## What to produce
What you should give back is a precise copy of the lines below from the one containing "Жарим в тандыре" through the one containing "商品名称:恋佳居2025新款", with no pictures.

Recorded information section start

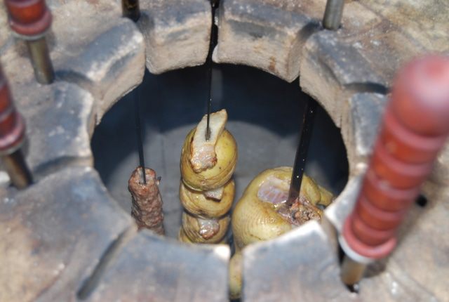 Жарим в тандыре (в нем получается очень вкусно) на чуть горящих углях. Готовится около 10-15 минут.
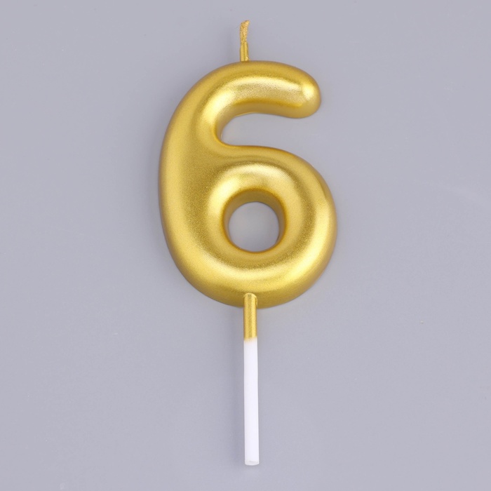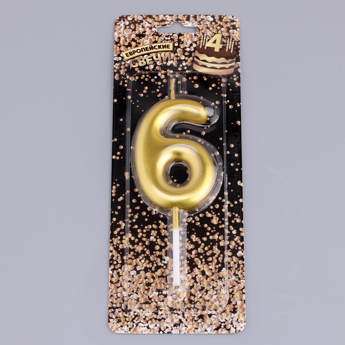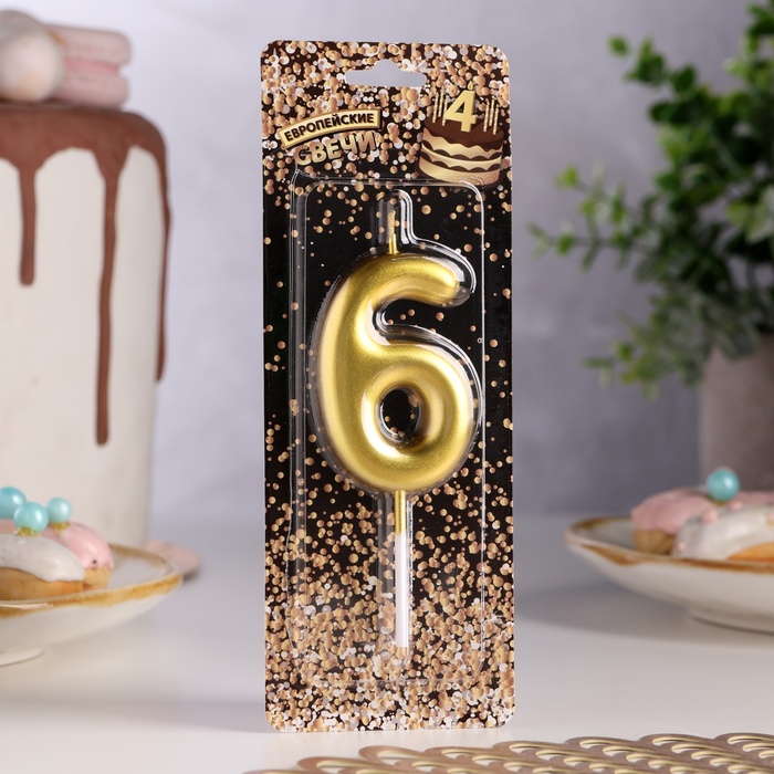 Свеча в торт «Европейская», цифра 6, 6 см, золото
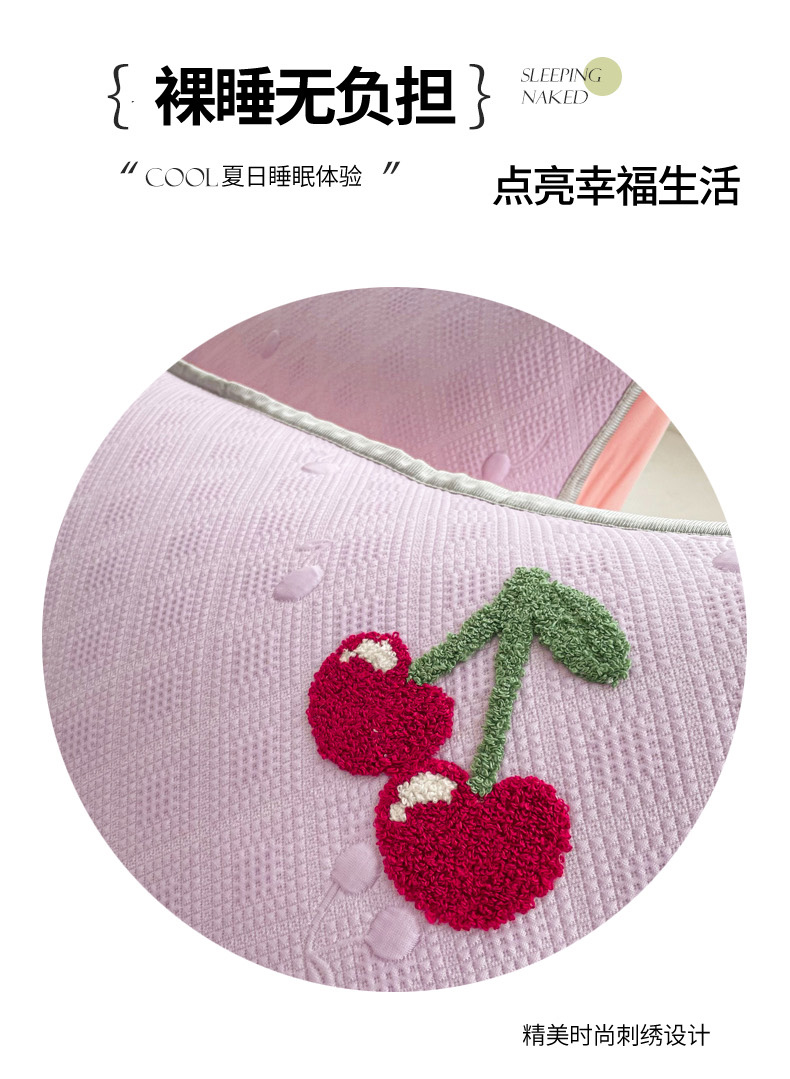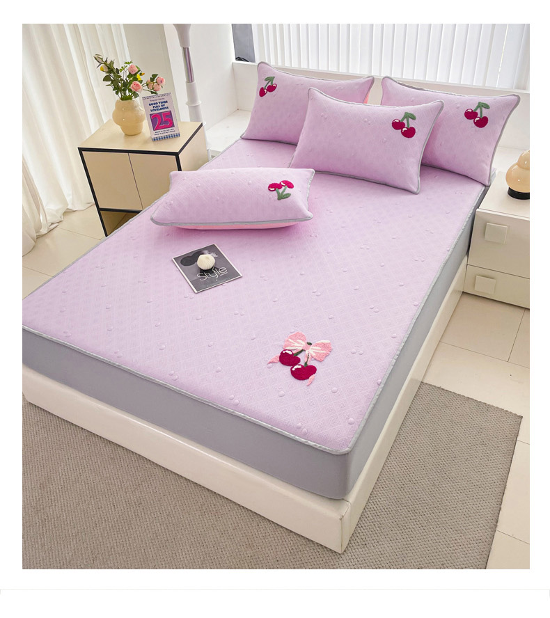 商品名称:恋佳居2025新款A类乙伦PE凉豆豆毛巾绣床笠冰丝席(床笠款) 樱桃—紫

Recorded information section end
Recorded information section start

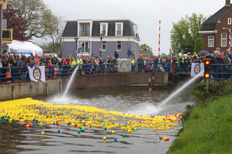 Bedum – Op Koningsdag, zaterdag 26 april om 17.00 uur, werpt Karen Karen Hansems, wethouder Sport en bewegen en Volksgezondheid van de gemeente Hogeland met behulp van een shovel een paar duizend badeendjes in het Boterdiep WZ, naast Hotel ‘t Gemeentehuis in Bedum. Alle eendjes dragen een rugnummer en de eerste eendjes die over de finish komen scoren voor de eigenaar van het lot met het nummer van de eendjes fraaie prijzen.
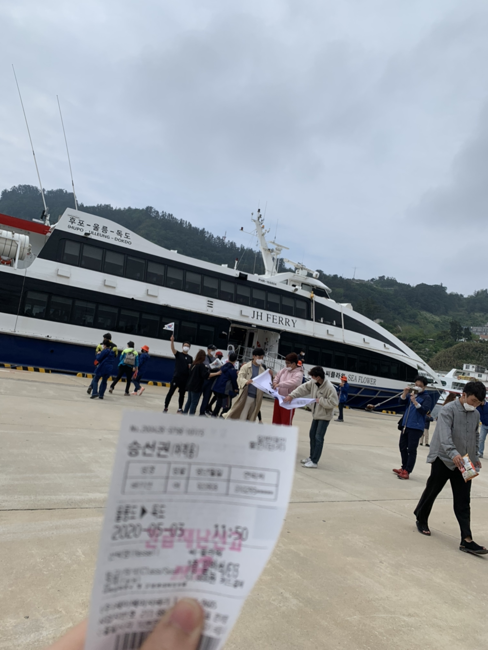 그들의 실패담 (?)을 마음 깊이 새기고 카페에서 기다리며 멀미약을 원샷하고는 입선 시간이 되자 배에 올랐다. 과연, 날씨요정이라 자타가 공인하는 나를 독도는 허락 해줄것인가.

Recorded information section end

## Reply
 Жарим в тандыре (в нем получается очень вкусно) на чуть горящих углях. Готовится около 10-15 минут.
 Свеча в торт «Европейская», цифра 6, 6 см, золото
 商品名称:恋佳居2025新款A类乙伦PE凉豆豆毛巾绣床笠冰丝席(床笠款) 樱桃—紫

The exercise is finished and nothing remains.